◆ **WHAT YOU NEED TO DO**
Return each line exactly as written. Begin with the first line of the entries and end with the line that has "圖2:a) 0.1C下的充放電曲線;b) NFP-HE在0.1".

====== SUPPLIED INFORMATION ======

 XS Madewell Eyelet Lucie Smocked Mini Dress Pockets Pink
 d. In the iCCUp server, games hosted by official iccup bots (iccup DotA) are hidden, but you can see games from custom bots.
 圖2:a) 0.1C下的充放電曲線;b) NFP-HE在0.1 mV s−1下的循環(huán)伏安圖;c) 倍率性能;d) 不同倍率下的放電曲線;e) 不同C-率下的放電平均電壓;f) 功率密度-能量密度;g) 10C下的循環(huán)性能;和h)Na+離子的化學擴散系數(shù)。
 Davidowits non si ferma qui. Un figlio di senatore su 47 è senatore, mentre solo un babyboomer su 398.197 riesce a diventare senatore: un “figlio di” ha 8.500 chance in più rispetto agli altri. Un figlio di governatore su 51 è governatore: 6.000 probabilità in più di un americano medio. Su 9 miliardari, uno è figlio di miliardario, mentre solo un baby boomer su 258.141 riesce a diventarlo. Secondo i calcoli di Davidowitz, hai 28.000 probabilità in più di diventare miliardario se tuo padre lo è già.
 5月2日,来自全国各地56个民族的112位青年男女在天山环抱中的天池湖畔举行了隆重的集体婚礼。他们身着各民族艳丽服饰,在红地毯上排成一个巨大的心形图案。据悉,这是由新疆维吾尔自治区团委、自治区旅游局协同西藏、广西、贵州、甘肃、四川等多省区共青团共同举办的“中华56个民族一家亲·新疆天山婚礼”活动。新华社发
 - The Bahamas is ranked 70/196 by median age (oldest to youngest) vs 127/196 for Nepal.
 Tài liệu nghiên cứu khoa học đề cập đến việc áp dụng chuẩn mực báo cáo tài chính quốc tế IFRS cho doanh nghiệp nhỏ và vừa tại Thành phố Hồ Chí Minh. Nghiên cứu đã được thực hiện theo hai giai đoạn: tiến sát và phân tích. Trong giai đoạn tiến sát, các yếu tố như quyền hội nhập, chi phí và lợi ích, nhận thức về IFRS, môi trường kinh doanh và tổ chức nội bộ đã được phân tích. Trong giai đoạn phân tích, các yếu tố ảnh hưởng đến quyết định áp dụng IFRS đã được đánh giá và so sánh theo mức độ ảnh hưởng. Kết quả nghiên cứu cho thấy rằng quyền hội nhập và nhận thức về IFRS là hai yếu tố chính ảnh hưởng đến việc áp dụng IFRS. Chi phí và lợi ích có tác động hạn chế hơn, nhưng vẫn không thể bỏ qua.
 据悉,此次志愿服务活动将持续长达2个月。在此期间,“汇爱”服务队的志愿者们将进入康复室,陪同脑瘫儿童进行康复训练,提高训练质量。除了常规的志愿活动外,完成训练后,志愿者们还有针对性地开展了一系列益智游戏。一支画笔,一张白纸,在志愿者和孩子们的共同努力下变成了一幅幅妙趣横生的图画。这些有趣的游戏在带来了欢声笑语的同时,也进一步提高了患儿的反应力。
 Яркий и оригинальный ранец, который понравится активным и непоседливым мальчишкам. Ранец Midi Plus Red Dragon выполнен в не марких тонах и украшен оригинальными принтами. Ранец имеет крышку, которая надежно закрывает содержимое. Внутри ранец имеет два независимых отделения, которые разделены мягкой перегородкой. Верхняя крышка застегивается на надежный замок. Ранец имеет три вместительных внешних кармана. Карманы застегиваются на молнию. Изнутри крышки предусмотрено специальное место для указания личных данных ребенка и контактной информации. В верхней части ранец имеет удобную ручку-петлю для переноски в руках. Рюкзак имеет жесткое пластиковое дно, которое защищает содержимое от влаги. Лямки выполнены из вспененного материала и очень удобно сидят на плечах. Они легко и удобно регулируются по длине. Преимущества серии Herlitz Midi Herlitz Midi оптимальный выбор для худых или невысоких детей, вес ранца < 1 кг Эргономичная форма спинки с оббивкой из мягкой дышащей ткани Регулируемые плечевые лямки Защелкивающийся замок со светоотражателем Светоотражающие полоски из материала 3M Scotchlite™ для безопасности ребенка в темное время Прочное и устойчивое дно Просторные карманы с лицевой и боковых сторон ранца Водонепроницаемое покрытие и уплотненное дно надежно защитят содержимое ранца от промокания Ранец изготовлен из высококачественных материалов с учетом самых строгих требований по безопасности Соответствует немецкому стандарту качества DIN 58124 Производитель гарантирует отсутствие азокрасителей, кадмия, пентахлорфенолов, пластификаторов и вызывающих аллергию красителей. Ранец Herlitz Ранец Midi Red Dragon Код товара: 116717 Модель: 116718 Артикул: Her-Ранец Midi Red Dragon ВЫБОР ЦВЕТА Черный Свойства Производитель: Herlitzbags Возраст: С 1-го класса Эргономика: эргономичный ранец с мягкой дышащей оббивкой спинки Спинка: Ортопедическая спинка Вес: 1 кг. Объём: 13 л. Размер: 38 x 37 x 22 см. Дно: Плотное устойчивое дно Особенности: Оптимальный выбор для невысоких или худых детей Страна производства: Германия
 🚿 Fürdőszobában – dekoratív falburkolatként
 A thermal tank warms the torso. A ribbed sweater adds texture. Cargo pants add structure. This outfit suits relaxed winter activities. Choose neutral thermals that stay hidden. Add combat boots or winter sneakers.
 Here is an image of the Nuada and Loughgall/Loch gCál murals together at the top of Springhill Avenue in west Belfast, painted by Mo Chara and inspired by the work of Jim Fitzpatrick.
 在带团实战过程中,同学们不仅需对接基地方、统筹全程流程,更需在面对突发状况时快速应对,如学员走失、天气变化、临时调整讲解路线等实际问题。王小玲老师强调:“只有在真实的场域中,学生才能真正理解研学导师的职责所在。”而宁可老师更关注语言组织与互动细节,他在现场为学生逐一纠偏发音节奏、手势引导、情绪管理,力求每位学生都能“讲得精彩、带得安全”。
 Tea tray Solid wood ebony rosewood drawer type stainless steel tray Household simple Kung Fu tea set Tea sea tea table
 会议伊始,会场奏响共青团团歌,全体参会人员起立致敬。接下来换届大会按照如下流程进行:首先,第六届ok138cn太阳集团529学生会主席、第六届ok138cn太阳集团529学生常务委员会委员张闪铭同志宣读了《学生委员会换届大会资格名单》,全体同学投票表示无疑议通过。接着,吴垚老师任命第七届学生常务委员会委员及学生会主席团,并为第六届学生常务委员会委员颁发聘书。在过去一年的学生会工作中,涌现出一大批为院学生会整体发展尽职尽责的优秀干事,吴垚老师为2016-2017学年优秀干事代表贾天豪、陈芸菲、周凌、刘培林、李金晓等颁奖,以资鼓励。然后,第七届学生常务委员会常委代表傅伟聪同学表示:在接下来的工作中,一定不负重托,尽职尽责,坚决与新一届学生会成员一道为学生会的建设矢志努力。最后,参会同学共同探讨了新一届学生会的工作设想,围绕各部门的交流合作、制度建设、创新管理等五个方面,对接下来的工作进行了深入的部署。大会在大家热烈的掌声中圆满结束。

======

◆ **OUTPUT FOR THIS TASK**
 XS Madewell Eyelet Lucie Smocked Mini Dress Pockets Pink
 d. In the iCCUp server, games hosted by official iccup bots (iccup DotA) are hidden, but you can see games from custom bots.
 圖2:a) 0.1C下的充放電曲線;b) NFP-HE在0.1 mV s−1下的循環(huán)伏安圖;c) 倍率性能;d) 不同倍率下的放電曲線;e) 不同C-率下的放電平均電壓;f) 功率密度-能量密度;g) 10C下的循環(huán)性能;和h)Na+離子的化學擴散系數(shù)。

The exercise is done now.